Кошкин с благодарностью поклонился.
И тотчас отметил, что после этого разговора Соболев как будто чуть расслабился. Безусловно, ему было важно знать, что дневников Аллы Соболевой никто, кроме Кошкина, не читал, и что Кошкин именно что услужить ему пытается из личных своих мотивов. Эдакий стиль общения – сделка, выгодная для обоих – Соболеву как раз был близок и понятен. Оттого и расслабился.
И Кошкин, конечно, намеревался извлечь для себя пользу из этой дружбы в будущем – но имел надежды и прямо сейчас кое-чего добиться от Соболева. Пусть не для себя, но для дела, которое и впрямь становилось все более непростым.
– Ваша супруга – Юлия Михайлова, – заговорил он как будто невзначай, – вы сказали, она не сомневается в вине Нурминена. Отчего, позвольте полюбопытствовать? Женщины более чувствительны, это я понимаю. И все же, быть может, Юлия Михайловна располагает фактами относительно его вины?
Сам Кошкин имел разговор с Юлией Соболевой вот только, вчера, но разговор не сложился: «тяжелый характер» банкирской жены проявил себя в полной мере. Да Кошкин и не для допроса ее вчера приезжал. А вот что расскажет Денис Васильевич, было любопытно.
Тот расслабился еще больше. Оставил в покое свою трость и даже пригубил чай, принесенный секретарем. Ответил вполне благодушно.
– Нет, что вы, Степан Егорович, какие факты? Юлия, сдается мне, и в глаза-то этого садовника не видела. Дело в другом… – Соболев замолчал, будто раздумывая, говорить или нет, а потом пожал плечами и смело продолжил. – Не стану делать из этого тайны: в полицейский отчетах все равно все есть, да и в дневниках матушки вы, должно быть, уже прочли?
Он глянул на Кошкина, но тот не торопился подтверждать либо опровергать догадку.
Дневники Аллы Соболевой Кошкин прочел полностью, не один раз, однако, история, которая могла бы быть отражена в полицейских отчетах, имелась там всего одна – в августе 1866 года. Соболев о ней говорит? Или еще что-то было?
Александра Васильевна ведь отдала ему лишь первую часть дневников – остальные вроде как не привела в должный вид.
Все это пронеслось в голове Кошкина мгновенно и на лице, хочется верить, не отразилось. Он с интересом внимал Соболеву.
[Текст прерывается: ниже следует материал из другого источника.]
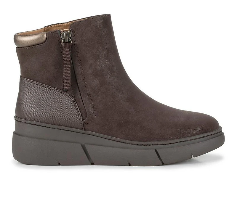 Women's Baretraps Lakelyn Wedge Bootie Booties Elevate your everyday with this stylish wedge boot designed to keep you looking sharp and feeling supported. The shimmering textured upper brings eye-catching appeal, while the low wedge heel gives just the right amount of lift without sacrificing stability. A side zipper allows for easy on and off, and the cushioned footbed makes these a go-to choice for all-day wear. With a sleek profile and subtle shine, this boot adds polish to any casual look.
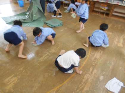 ばら組がローラーを使って絵の具遊びをしました。最近子どもたちが興味や関心をもっているダンゴムシがお散歩をする道を大きな紙に表現しました。長い道やくねくね道、いろいろな散歩道ができました。最後はみんなで床をきれいに拭きました!
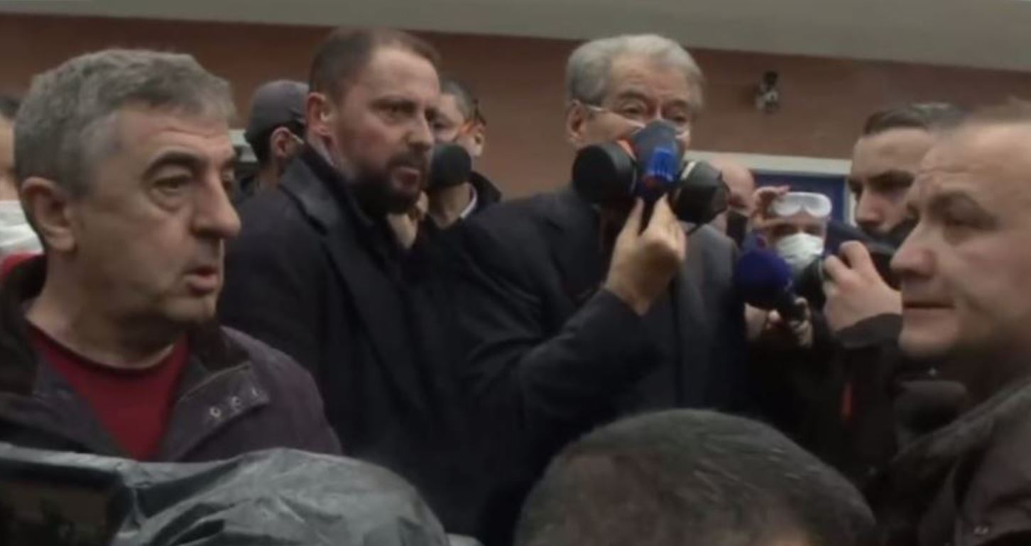 Ndërsa policia ka marrë nën kontroll selinë e PD, ish-kryeministri Berisha është shfaqur para selisë së PD-së me maskë kundër gaz, ndërkohë që policia ka shpërndarë mbështetësit e tij që ishin në ambientet e selisë. Fillimisht Berisha tentoi të flasë te shkallët, por më pas është larguar për në pjesën anësore të saj.

– Это произошло ровно десять лет назад, в доме Бориса Бернштейна, брата моей матери. Случайно ли, но именно на этот день пришелся Йом-Киппур – иудейский праздник. День искупления, покаяния и отпущения грехов. Судный день, как они его называют. Бернштейны уже третье колено, как крещены кто в лютеранстве, кто в православии, но женятся сплошь на иудейках и… по правде сказать, многие обычаи прошлого сохранили. Полагаю, они праздновали, оттого и собрались под одной крышей. Бернштейны-родители к тому времени уже давно упокоились, как и старший их сын: главой семьи считался младший. Племянник его, сын покойного брата с семьею, погостить приехал. Он-то первым и услышал шум в гостиной среди ночи. Спустился и был убит выстрелом в упор. Старший боролся, пытался защитить женщин да детей. Сынок его пятнадцатилетний, Марик, даже напал на одного и вроде как ранил. Убили обоих. Марик на руках матери скончался, отец его у докторов в клинике кровью истек. Слуг их, кто на подмогу бросился, двоих ранили, одного убили. Нелюди даже женщин не пожалели: молодая жена племянника детей укрыла, а сама в суматохе шальную пулю поймала. Выжила, но долго болела после и скончалась через полтора года. А спустя пару недель напали и на мой дом – тоже ночью. По счастью, дворник спугнул, дал отпор – никто не пострадал, только перепугались до смерти. Особенно Юлия. Грабители сбежали, их так и не нашли с тех пор. А я, признаюсь, покой потерял. Стал затворником: лишний раз никого из домашних из дому не выпускал. Ставни велел запирать что днем, что ночью. Спал с револьвером под подушкой. Какие уж тут визиты и выезды… А Саше, сестре, как раз шестнадцать исполнилось, золотые годы, которые она взаперти провела по моей прихоти.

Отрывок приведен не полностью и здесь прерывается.